GPT-2 Generates Biased Texts
PS6-1
Presented by: Charles 1, William Marx
How should researchers create placebo conditions in survey experiments? A recent paper by Porter and Velez recommends that researchers should use automated processes to construct a corpus of related placebo conditions, which are then randomly sampled from during survey implementation.
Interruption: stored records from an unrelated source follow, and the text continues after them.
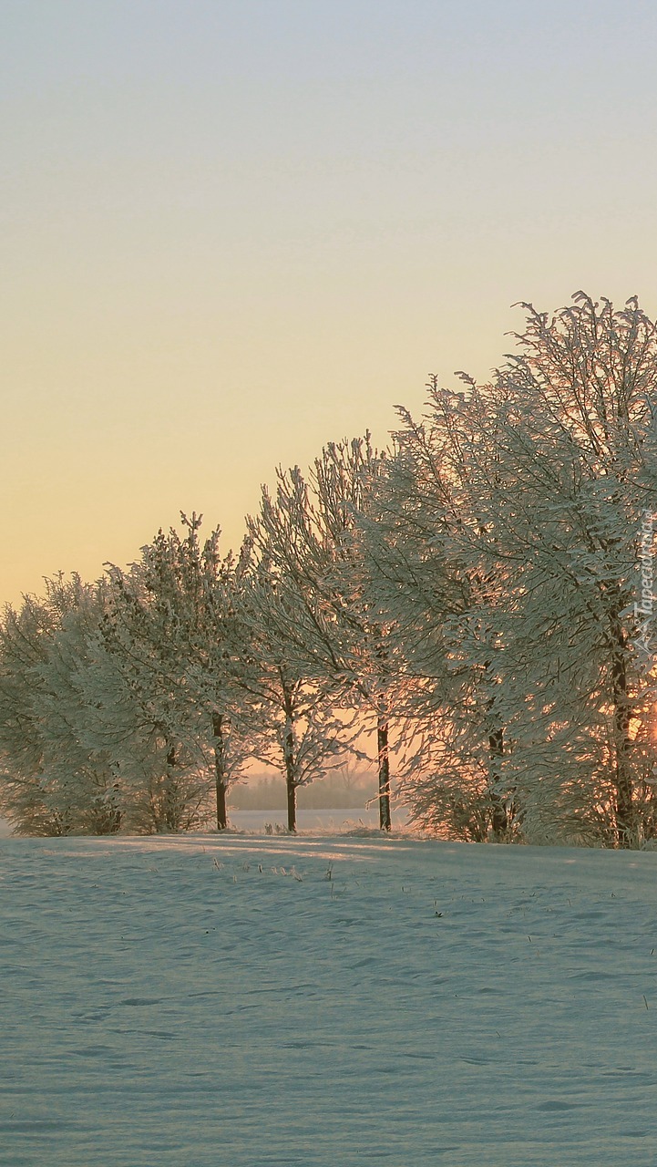 Edytor tapety: Ośnieżone drzewa na polu
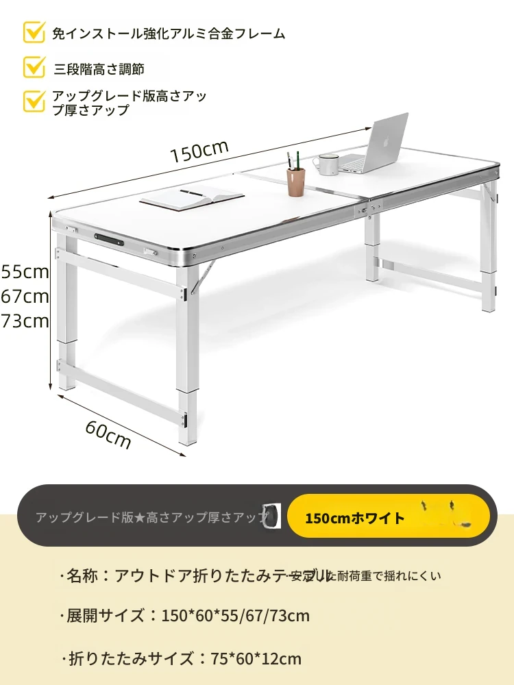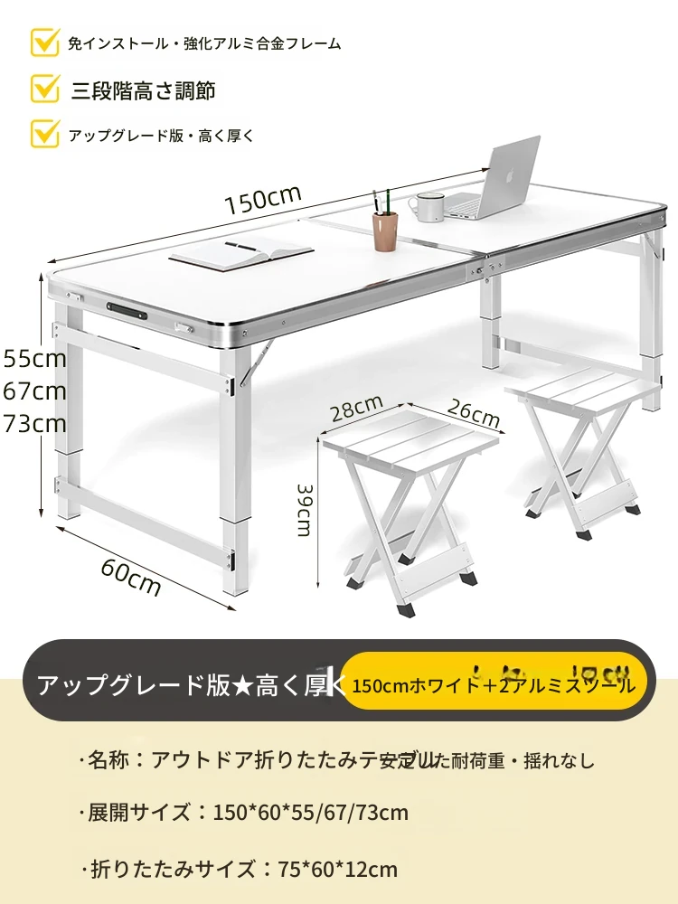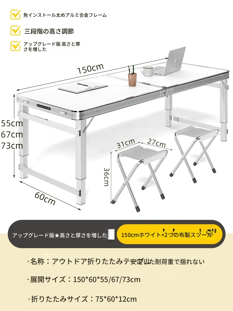 【アップグレード版★高さアップ・厚さアップ】150cmホワイト+2アルミスツール
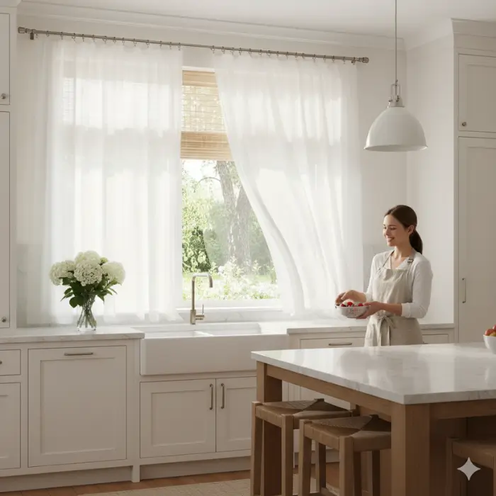 Sheer CurtainsBright, airy kitchensSoftens light, easy to layerLimited privacy
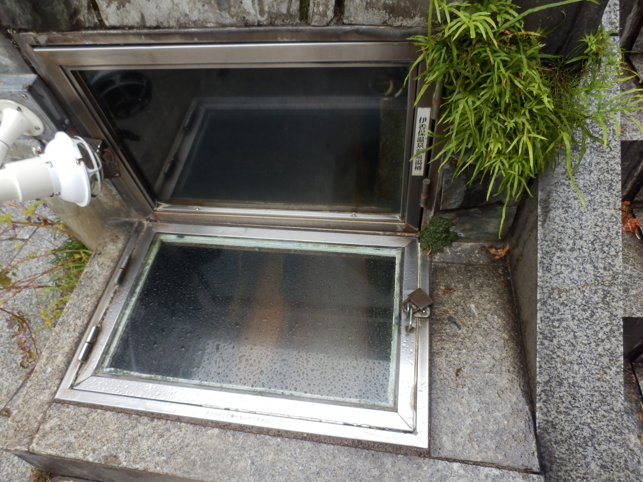 石段沿いに何か所も小間口をのぞけるガラス窓があります。
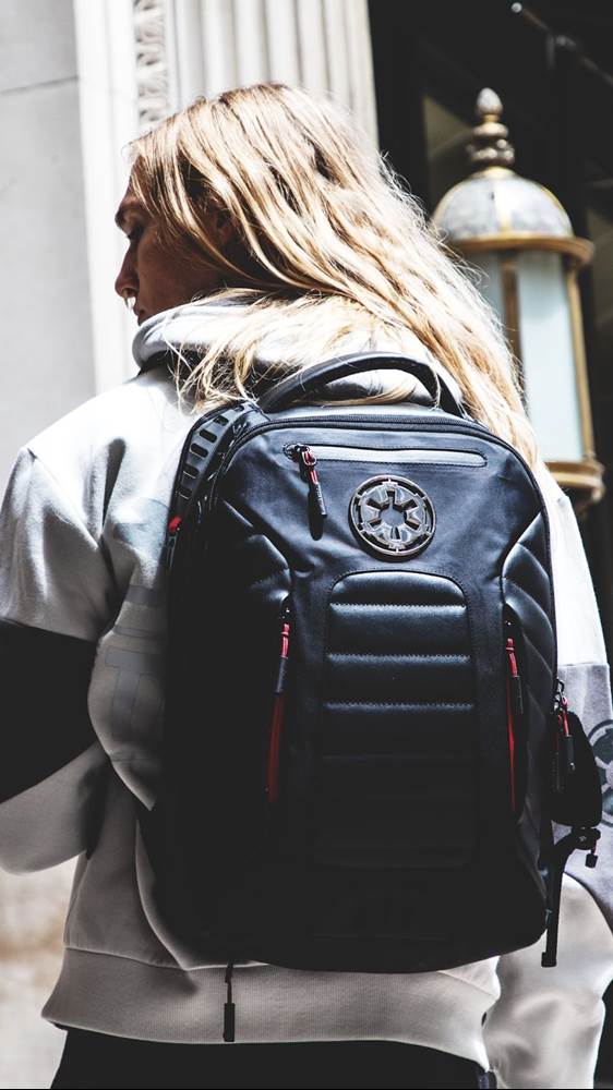 Show your full support for the Empire with a roomy, sleek backpack decorated with an Imperial badge. The bag contains a padded laptop sleeve, bottom zipper compartment with rain cover, side water bottle pockets, and reflective accents.
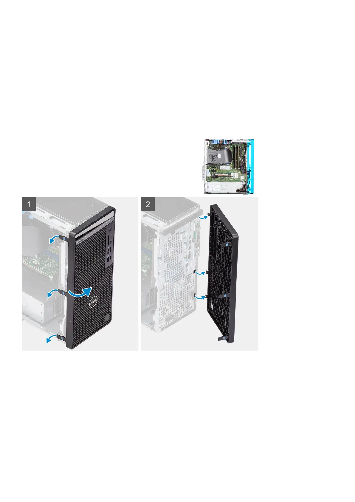 2. Slightly pull the front bezel and gently rotate to release the other tabs on the bezel from the slots in the computer chassis.
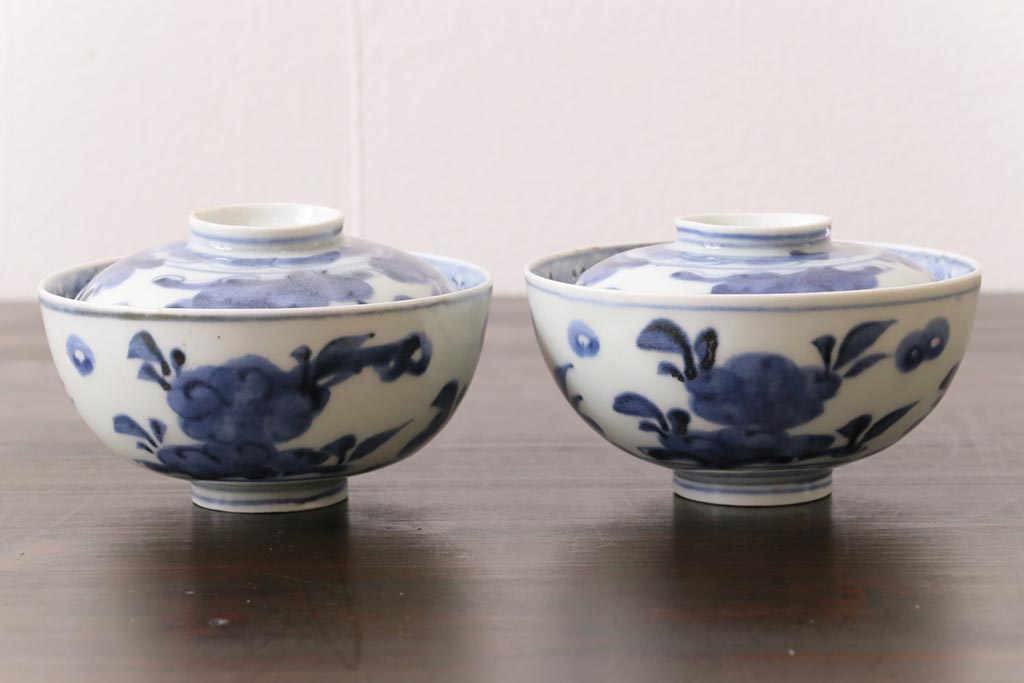 和製アンティーク 江戸期 染付 優しい色合いが親しみ感じる蓋茶碗2客セット(和食器)
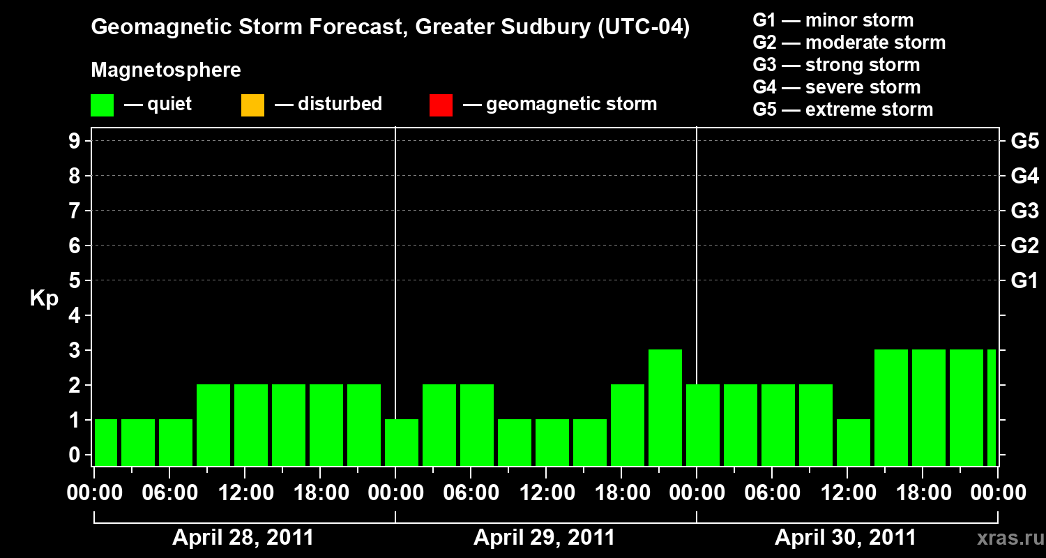 Geomagnetic storm forecast in Greater Sudbury for Apr 28, 2011
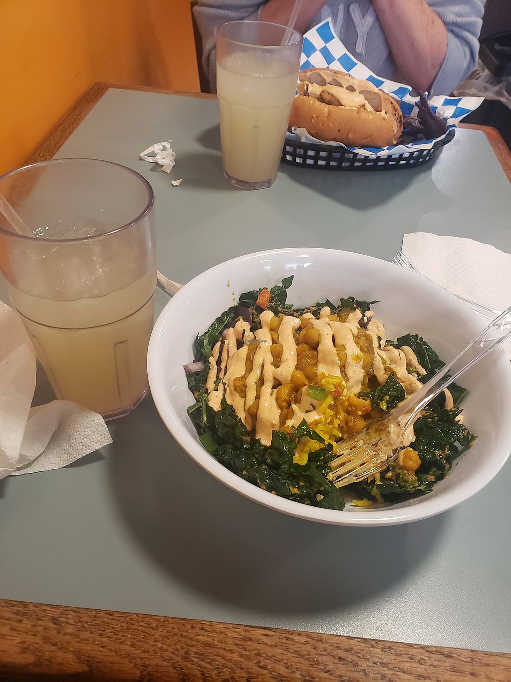 This was our first time here, and it definitely won’t be our last! The food was so good! We got the OG Chikin Sandwich and the Jerk Burrito. Both were incredible! So flavorful! The burrito was very spicy, even for my husband who loves spicy foods. It took a while to get our food because everything is made fresh…like we like it. It’s worth the wait! The chef and person who took our order were both kind and helpful. Great music was playing. We just loved this place!
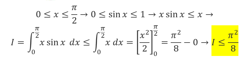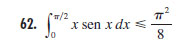 0 ≤ 0∫π/2 x*senx ≤ π2/8.
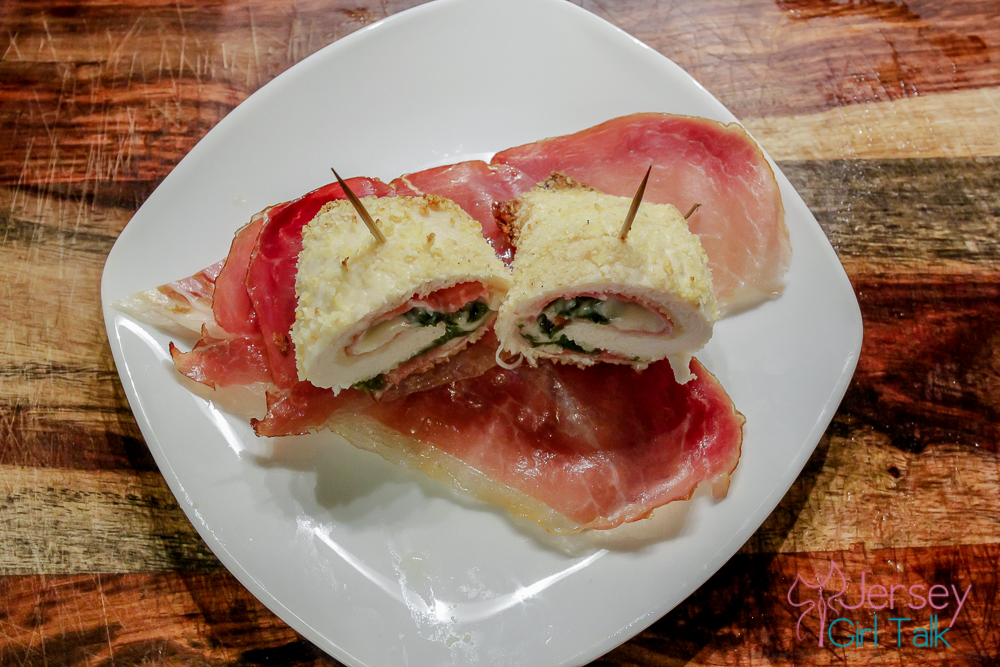 Sunday is my favorite day to make dinner, not only because I grew up in an Italian family that does Sunday dinner (actually it is around 2pm in the afternoon, but still considered “dinner”) and they do it BIG, but because it is a day when I actually have a lot of time to go to shop for specific ingredients and take as long as I need in the kitchen. For the last week I have been plotting and planning to make chicken rollantini, which can also be thought of as baked chicken rolls. I have made these before but it’s been quite a long time so today I was so excited to make these for me and the hubby! Now I have to admit, I don’t eat pork often at all – I never order it when I go out to eat and very rarely purchase any pork products, but my husband love prosciutto so this dish was a special treat for him.
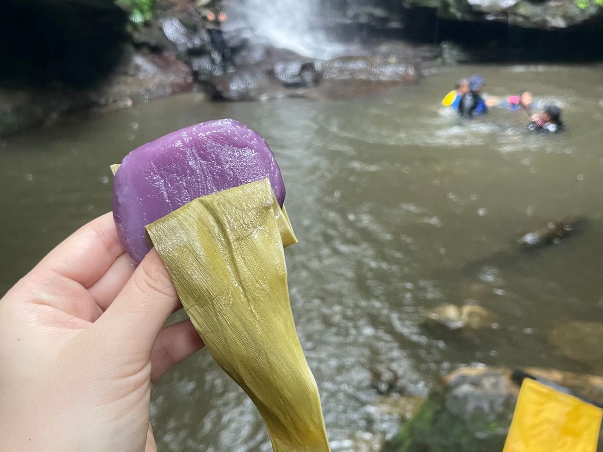 その後またトレッキングをしてクーラの滝に行き、ガイドさん手作りの月桃餅をいただきました。これもまた美味しく、少し疲れた身体に沁みました。
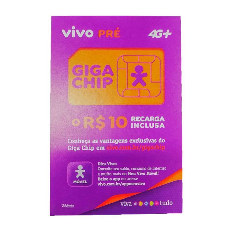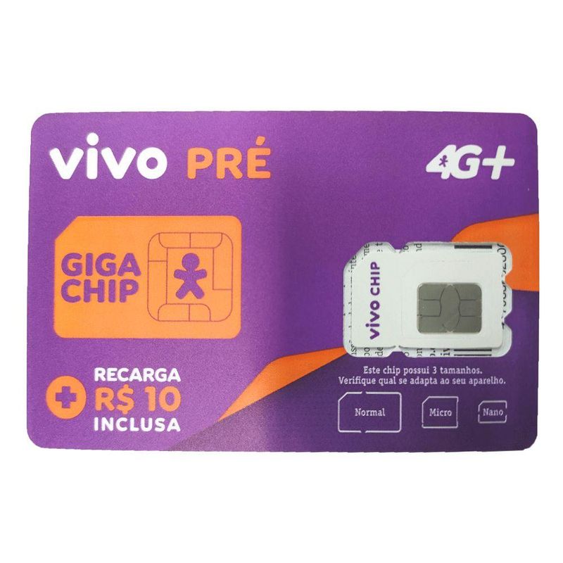 O Vivo Chip Triplo Corte 4G - Pré Pago é um dispositivo que junto com seu celular troca informações com a rede da operadora de telefonia por ondas de rádio. Este é um chip 4G que armazena o número de telefone do assinante, a sua senha pessoal (PIN) e dados pessoais como, por exemplo, agenda de telefone. É só encaixar seu chip, fazer uma recarga e ativar seus benefícios com a operadora. Consulte demais condições e vigência no site da Vivo. • Incluso R$10,00 de Recarga • Marca: VIVO • Operadora: Vivo • Plano: Pré-pago • Tecnologia: 4G • DDD: Todos • Região: Brasil • Cor: Roxo Itens Inclusos • 01 Cartão Chip Peso e Dimensões Aproximadas do produto na embalagem: • Largura: 6 cm. Altura: 9 cm. Profundidade: 2 cm. • Peso: 10 g.
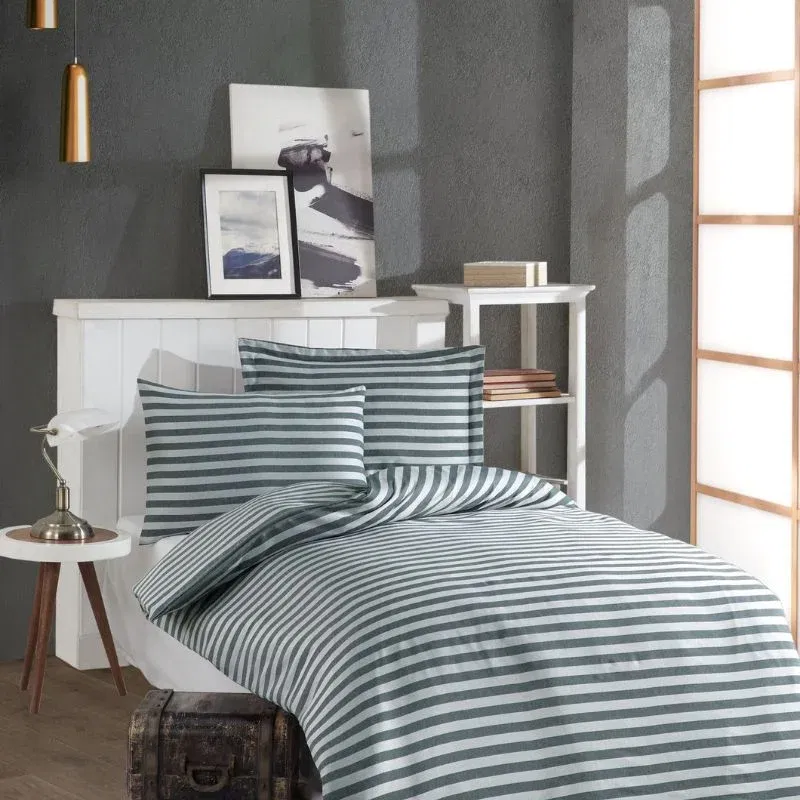 Set lenjerie pat dublu, imprimeu sofisticat cu dungi gri și alb este alegerea perfectă pentru cei care caută un produs de calitate superioară, combinând confortul și stilul într-un singur set. Fabricat din materiale premium, acest set de lenjerie de pat asigură un somn odihnitor și o senzație de prospețime la fiecare utilizare.
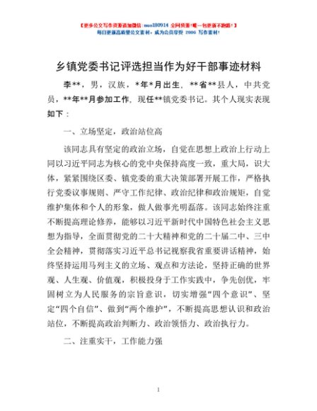 / 乡镇党委书记评选担当作为好干部事迹材料
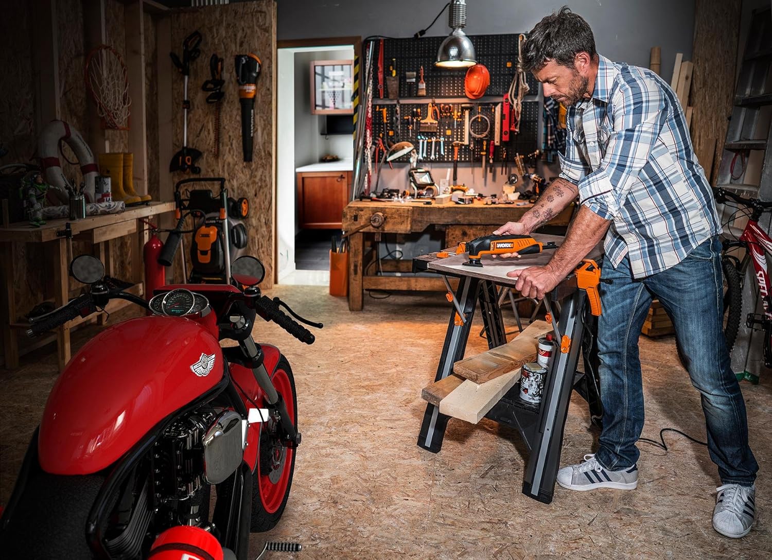 • Vielseitiger Arbeitstisch, in Sekunden zu einem Sägebock und einer Werkbank umgebaut; mit praktischem, integriertem Aufbewahrungsregal, kein Aufbau nötig.
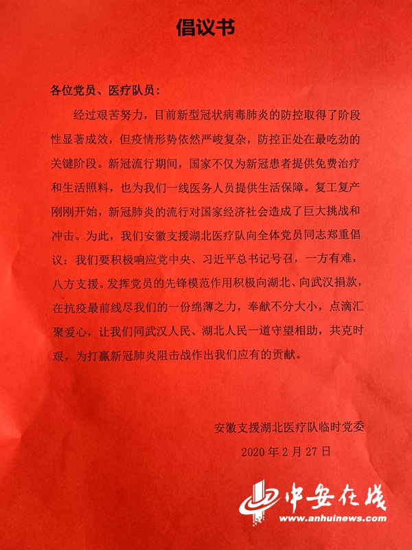 安徽援助武漢醫(yī)療隊員向湖北捐款
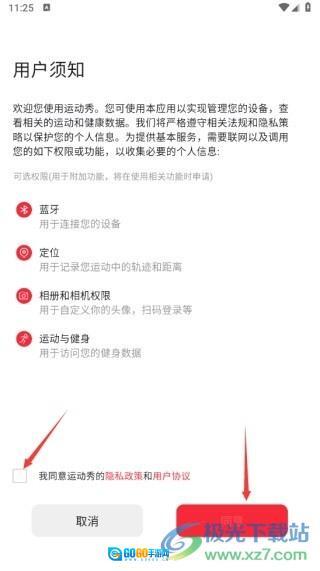 进入运动秀界面后,需先阅读并查看用户须知,只有同意相关内容,方可进入到下一个界面。
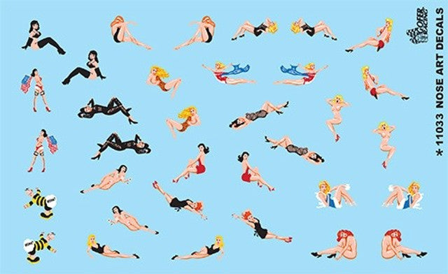 Nose Art model car decals have some good-looking honeys to decorate your hot rod, rat rod or custom van. If you’re building airplane models you may wish to use our Nose Art decal on your plane. Nose art originally started during World War II the pilots and crews named and decorated their aircraft. These good-looking nose art girls on our model decal sheet can also look great on your model. Gofer racing model car decals are for 1/24.1/25 scale model cars and are silkscreened printed for quality in the USA.

While we agree with their general recommendation, we suggest that researchers use caution if they employ the tool Porter and Velez recommend for placebo construction, OpenAI’s semi-supervised language model GPT-2. Through a series of simulations, we conduct the largest assessment yet of GPT-2’s biases by measuring the sentiment of 1,083,750 potential placebos generated across 4,335 unique seed phrases. We show that the polarities of placebos vary tremendously across seed phrases based on the race/ethnicity, gender, sexual and religious orientation, political affiliation and ideology, or state or territory demonym included in them. We also show considerable heterogeneity in the substance of placebos across seed phrases. Comparing our results to a similar analysis of the text corpus used to train GPT-2, we find that the language model does not just learn to reproduce biases in source material, but also creates its own. Taken together, our findings suggest that researchers should exercise great caution in using GPT-2 as an agnostic approach to generating placebos — particularly for identity-focused experiments. Finally, we offer a Google Colaboratory notebook to mitigate the effects of these biases and provide best practice recommendations for automatic placebo generation.